Abstract
Mitochondrial genome heteroplasmy—the presence of more than one genomic variant in individuals—is considered only occasional in animals, and most often involves molecules differing only by a few recent mutations. Thanks to new sequencing technologies, a large number of DNA fragments from a single individual can now be sequenced and visualized separately, allowing new insights into intra-individual mitochondrial genome variation. Here, we report evidence from both (i) massive parallel sequencing (MPS) of genomic extracts and (ii) Sanger sequencing of PCR products, for the widespread co-occurrence of two distantly related (greater than 1% nucleotide divergence, excluding the control region) mitochondrial genomes in individuals of a natural population of the leaf beetle Gonioctena intermedia. Sanger sequencing of PCR products using universal primers previously failed to identify heteroplasmy in this population. Its occurrence was detected with MPS data and may have important implications for evolutionary studies. It suggests the need to re-evaluate, using MPS techniques, the proportion of animal species displaying heteroplasmy.
Keywords: heteroplasmy, massive parallel sequencing, mtDNA, paternal leakage
1. Introduction
Animal cells typically carry hundreds to thousands of mitochondria [1], each with its own genome, which in theory could result in the co-occurrence of multiple genomic variants per cell/individual. However, it is usually believed that most individual animals are homoplasmic, i.e. harbouring mostly a single mitochondrial (mt) genome variant, to the extent that in population genetic studies, individuals are generally considered haploid for their mt genome [2,3]. Individual homoplasmy is essentially achieved through a strictly maternal inheritance of the mt genome, and possibly through strong genetic bottlenecks occurring inside germline cells [4]. Nonetheless, the list of reported exceptions to the rule of strictly maternal inheritance is growing in animals, with paternal leakage (i.e. a fraction of the mtDNA molecules are inherited from the father) detected in many animal groups, including insects [4–7]. This suggests that the actual occurrence of heteroplasmy may be higher than previously suspected, which can have major implications for evolutionary studies. For example, the detection of widespread heteroplasmy in a species would increase the assumed mtDNA effective size of its populations (relative to that of nuclear DNA), a parameter that is often used to estimate divergence times between two populations and species [8].

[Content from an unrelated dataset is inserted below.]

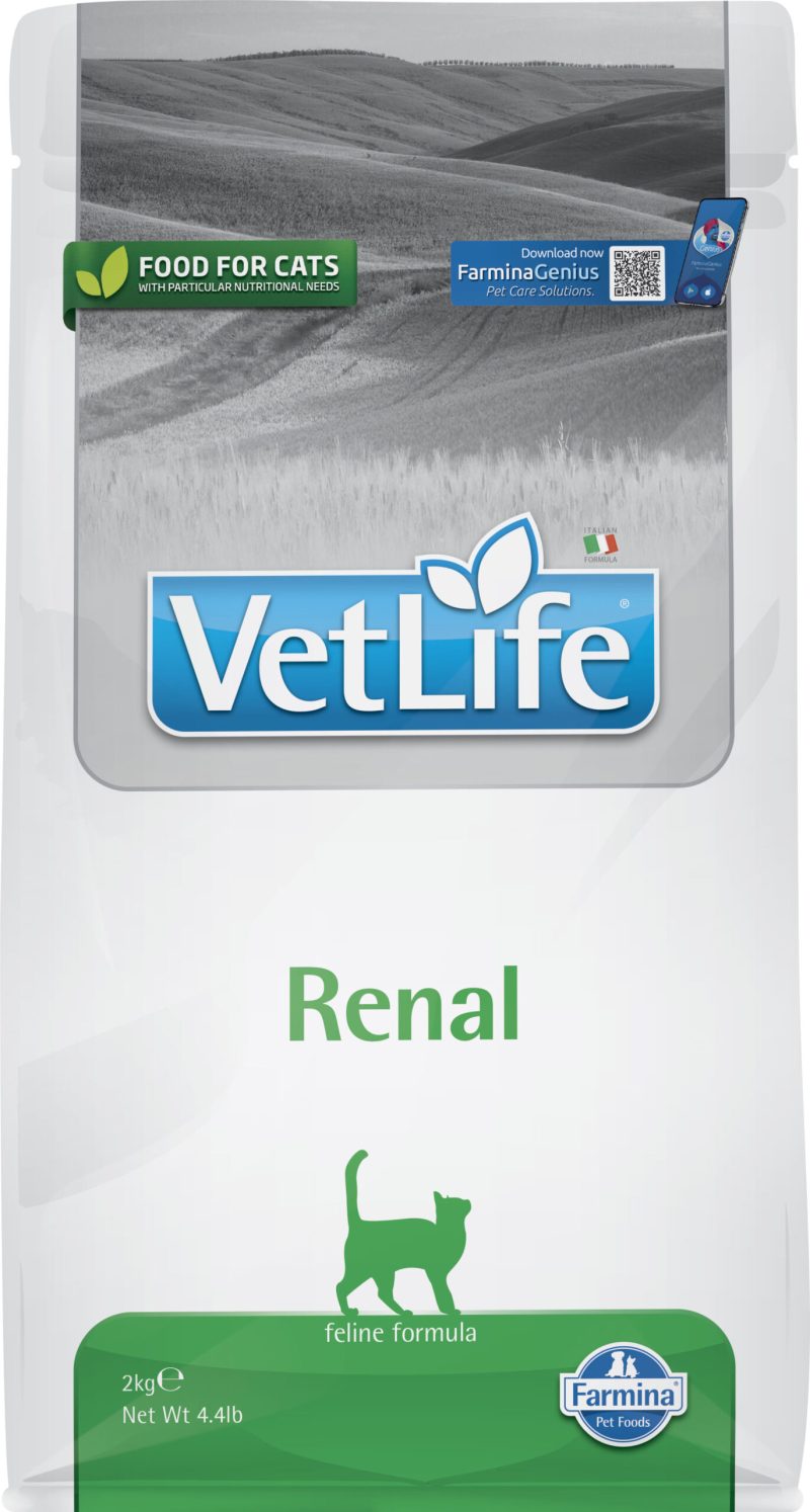 Chronic or temporary renal insufficiency; coadjuvant for the treatment of congestive cardiac insufficiency. Farmina Vet Life Renal is a complete dietetic food for cats formulated to support the renal function in case of chronic or temporary renal insufficiency. This dietetic food contains low phosphorus concentrations and reduced protein content but of high quality.
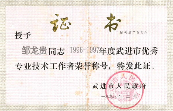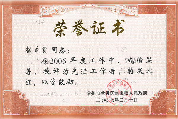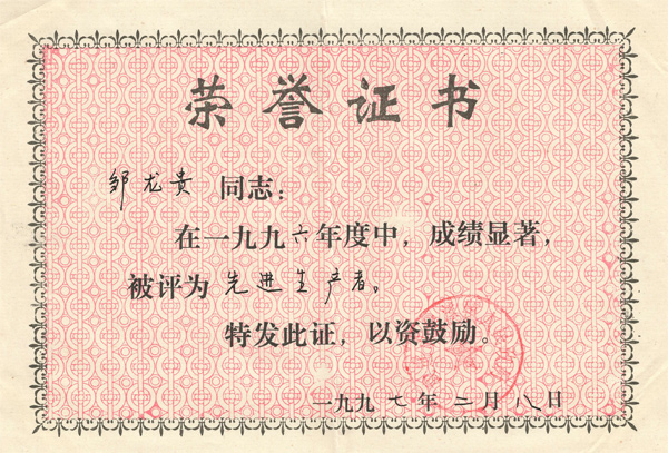 獲獎(jiǎng)證書

The emergence of next-generation sequencing techniques enables the massive sequencing of a large amount of DNA fragments from a genomic extract, and thus offers a tool to investigate intra-individual genomic variation. Here, following MPS, we report mitochondrial heteroplasmy in the leaf beetle Gonioctena intermedia, which was not detected previously by traditional Sanger sequencing using universal primers. In this instance, two divergent mitochondrial genomes were recovered from each individual, suggesting that mutation was not the mechanism responsible for heteroplasmy. We first identified a large number of polymorphic sites in the mt genome of two individuals by analysing MPS reads, and inferred the presence of at least 2 mt genome variants per individual. We then confirmed the heteroplasmic nature of these individuals through PCR and Sanger sequencing of 1 mt gene fragment (cytochrome c oxidase subunit I; COI). We extended our investigation to the sequencing of this mt gene for 22 additional insects collected in five sampling sites, and found that heteroplasmy is widespread in the region. This could be a consequence of a relatively ancient origin and subsequent persistence in the population, and/or of the frequent occurrence of paternal leakage (i.e. multiple recent origins leading to convergent patterns of heteroplasmy among individuals).
2. Material and methods
Twenty-four individuals of the European leaf beetle G. intermedia were collected from five sampling sites in the Belgian Ardennes (pairwise distances from 4 to 20 km; electronic supplementary material, S1). For two individuals, DNA libraries were prepared and sequenced with MPS technology. A mitochondrial genome reference sequence was assembled and annotated for both individuals (electronic supplementary material, S2). MPS reads were mapped to the assemblies after excluding the control region (whose assembly was more challenging due to its repetitive nature; electronic supplementary material, S2), allowing identification of single-nucleotide polymorphisms (SNPs) in the mt genome.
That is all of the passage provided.